O'Connor says, as with Lopez, "There is simply no evidence that homegrown medicinal marijuana users constitute, in the aggregate, a sizable enough class to have a discernable, let alone substantial, impact on the national illicit drug market–or otherwise to threaten the CSA regime."

Followed by (this is the best part) "... in part because common sense suggests that medical marijuana users may be limited in number and that California’s Compassionate Use Act and similar state legislation may well isolate activities relating to medicinal marijuana from the illicit market, the effect of those activities on interstate drug traffic is not self-evidently substantial."

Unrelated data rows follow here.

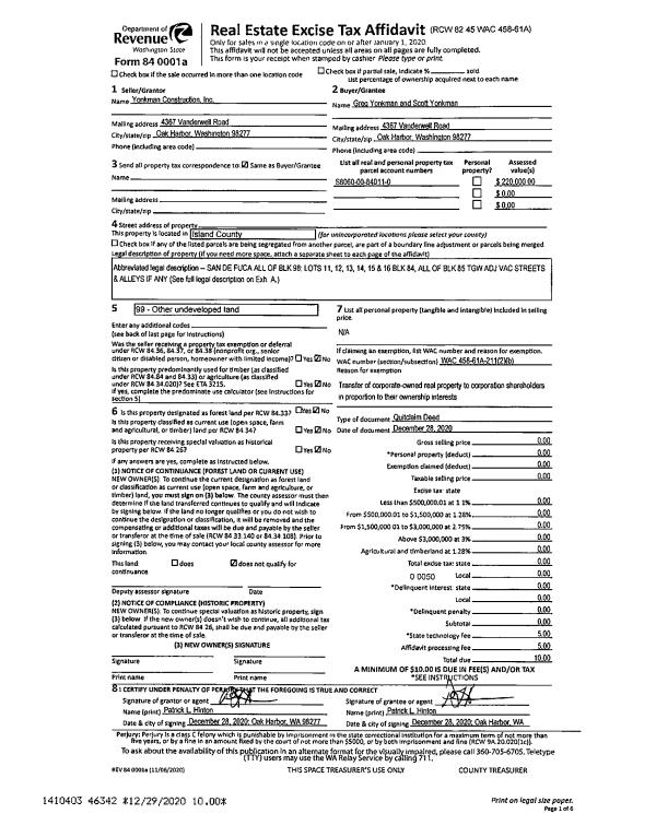 | Mailing Address: | PO BOX 606 FREELAND, WA 98249 | % Ownership: | 100.0000000000% |
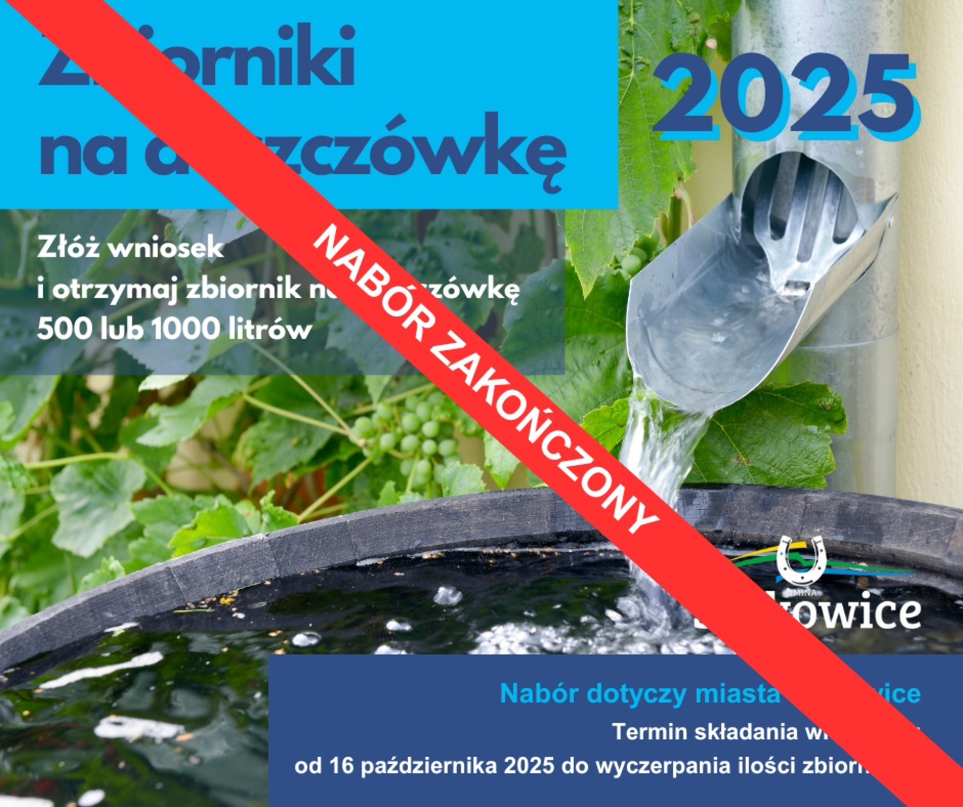 W związku z powyższym nabór do Programu zaopatrzenia mieszkańców w zbiorniki na deszczówkę – obszar miejski zostaje zakończony.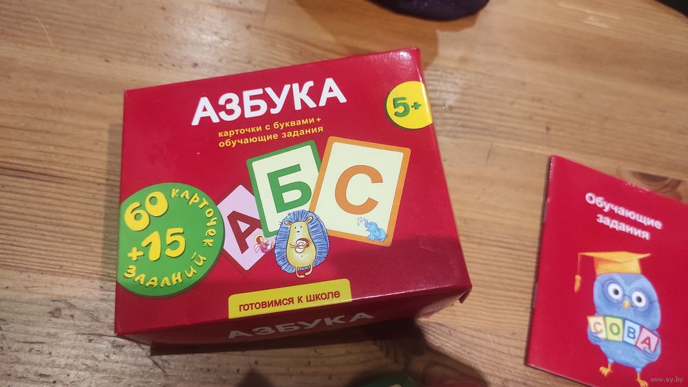 Азбука 5+. 60 карточек + 15 заданий в коробочке. Готовимся к школе. Размер коробки 12*10 см. Новые, не пользовались.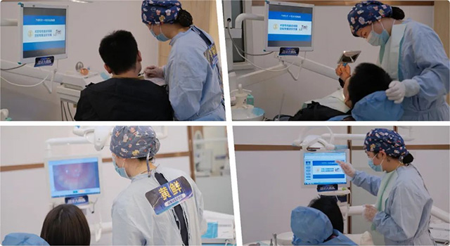 除了對(duì)潔治流程的熟練操作,簡(jiǎn)單明了的口腔保健宣教也是本次比賽考核的重要指標(biāo)。在術(shù)后的口腔保健宣教環(huán)節(jié),通過(guò)潔牙師對(duì)顧客口內(nèi)的內(nèi)窺鏡拍照和菌斑檢測(cè)的分析,能很好地反應(yīng)出潔牙師對(duì)顧客口腔情況做針對(duì)性指導(dǎo)的能力。最終,參賽的選手們憑借豐富的潔牙經(jīng)驗(yàn)和臨場(chǎng)反應(yīng),均順利完成潔治項(xiàng)目及比賽考核。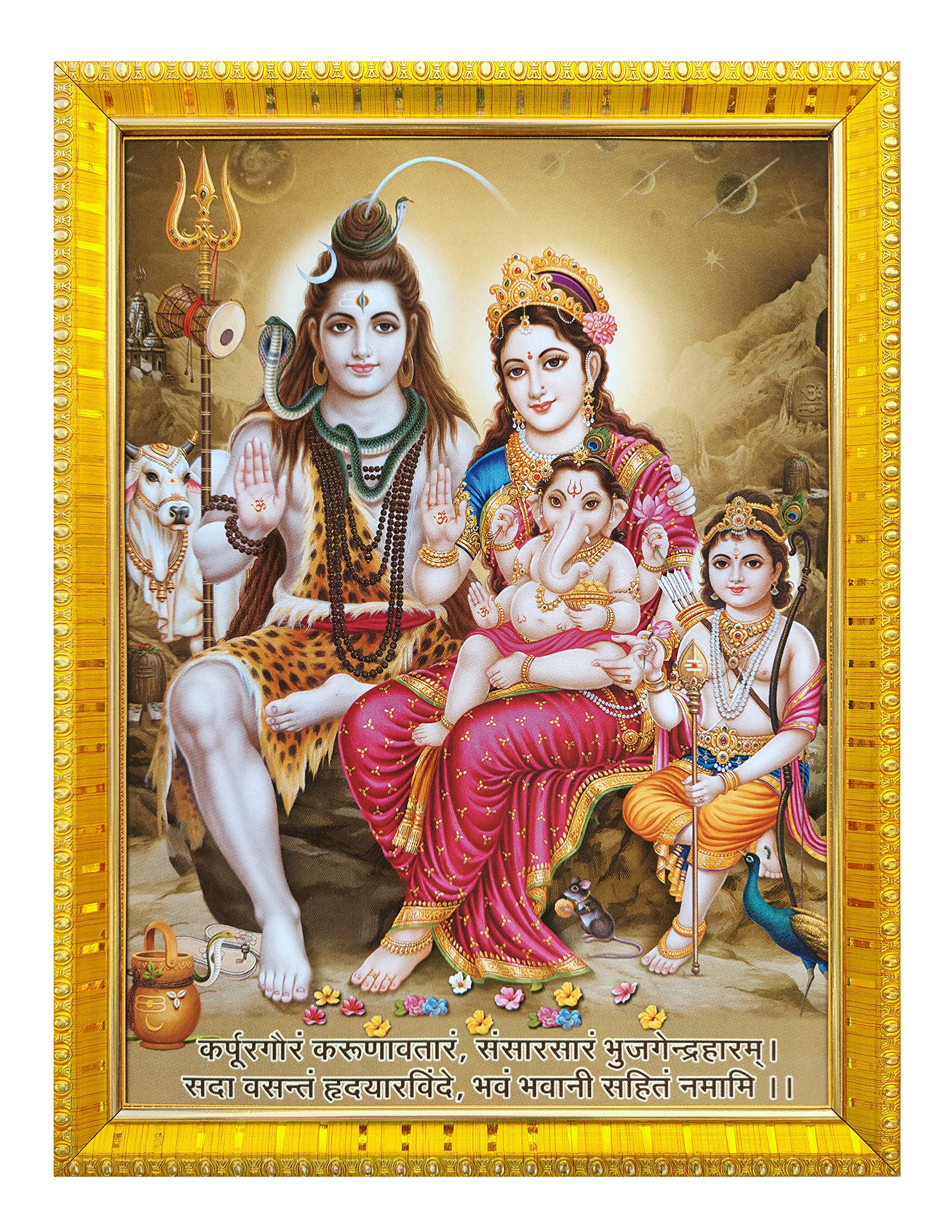 Hindu GOD/Goddess Photo FRAME with Laminated PosterMaterial : Premium quality Photo With beautiful Golden Wooden Frame. Subject : Wall Dcor / Hindu God.Dimension : 30 cm x 23 cm x 1.25 cm *. Premium quality Lamination on Poster.* Lamination Preserves Poster Beauty* Lamination improving Poster appearance* also make Poster damage and waterproofeasy to clean & never-ending beautiful look. Easy to hang on wall.Make in indiasanitize before and after packing

BWAHAHAHAHAHA! Yeah. California "may well" isolate my a$$. What was that other thread about? A "medical marijuana" store opening up at Fisherman's Wharf in San Francisco?

Scalia was right. Congress cannot rely on the states to do the enforcement of local regulations where interstate commerce is at stake.

(Oh, nowhere in Raich does it say that the Lopez law with the new language is perfectly Constitutional in light of Raich. O'Connor is simply whining that if we applied Scalia's logic to Lopez, Lopez would have been decided differently. O'connor is not making a case FOR Lopez and much as he is making a case AGAINST Raich.)